◆ Work task
The data below contains pictures, which are to be skipped; the lines starting at the line with "Už žádný chaos" and ending at the line with "- تفاصيل أزرار" are to be output exactly, both ends included.

◆ Material for the task

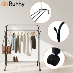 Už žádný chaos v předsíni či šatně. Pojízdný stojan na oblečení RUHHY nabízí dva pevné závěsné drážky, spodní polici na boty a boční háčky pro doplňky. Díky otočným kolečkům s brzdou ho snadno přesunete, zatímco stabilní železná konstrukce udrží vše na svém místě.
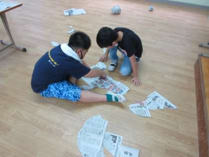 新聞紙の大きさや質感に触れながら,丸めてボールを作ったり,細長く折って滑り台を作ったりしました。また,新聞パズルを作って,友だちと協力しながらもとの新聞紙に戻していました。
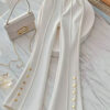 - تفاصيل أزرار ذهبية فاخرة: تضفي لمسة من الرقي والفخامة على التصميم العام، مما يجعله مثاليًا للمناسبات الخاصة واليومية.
* * *
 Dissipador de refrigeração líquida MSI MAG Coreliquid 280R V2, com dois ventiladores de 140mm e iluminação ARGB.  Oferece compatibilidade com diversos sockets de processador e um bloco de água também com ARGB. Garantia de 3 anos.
---
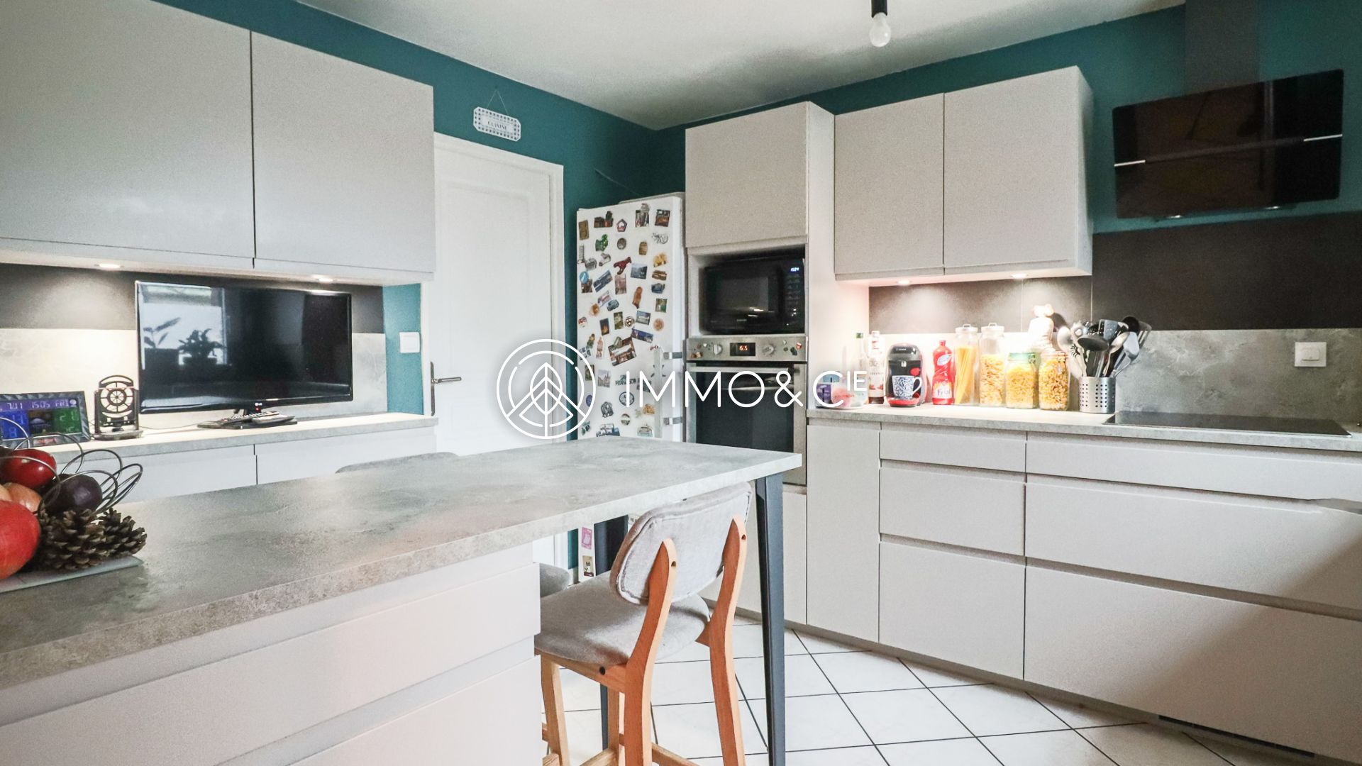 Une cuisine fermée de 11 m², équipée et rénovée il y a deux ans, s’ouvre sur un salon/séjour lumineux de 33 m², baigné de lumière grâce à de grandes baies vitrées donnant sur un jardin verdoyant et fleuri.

◆ Output for this exercise
 Už žádný chaos v předsíni či šatně. Pojízdný stojan na oblečení RUHHY nabízí dva pevné závěsné drážky, spodní polici na boty a boční háčky pro doplňky. Díky otočným kolečkům s brzdou ho snadno přesunete, zatímco stabilní železná konstrukce udrží vše na svém místě.
 新聞紙の大きさや質感に触れながら,丸めてボールを作ったり,細長く折って滑り台を作ったりしました。また,新聞パズルを作って,友だちと協力しながらもとの新聞紙に戻していました。
 - تفاصيل أزرار ذهبية فاخرة: تضفي لمسة من الرقي والفخامة على التصميم العام، مما يجعله مثاليًا للمناسبات الخاصة واليومية.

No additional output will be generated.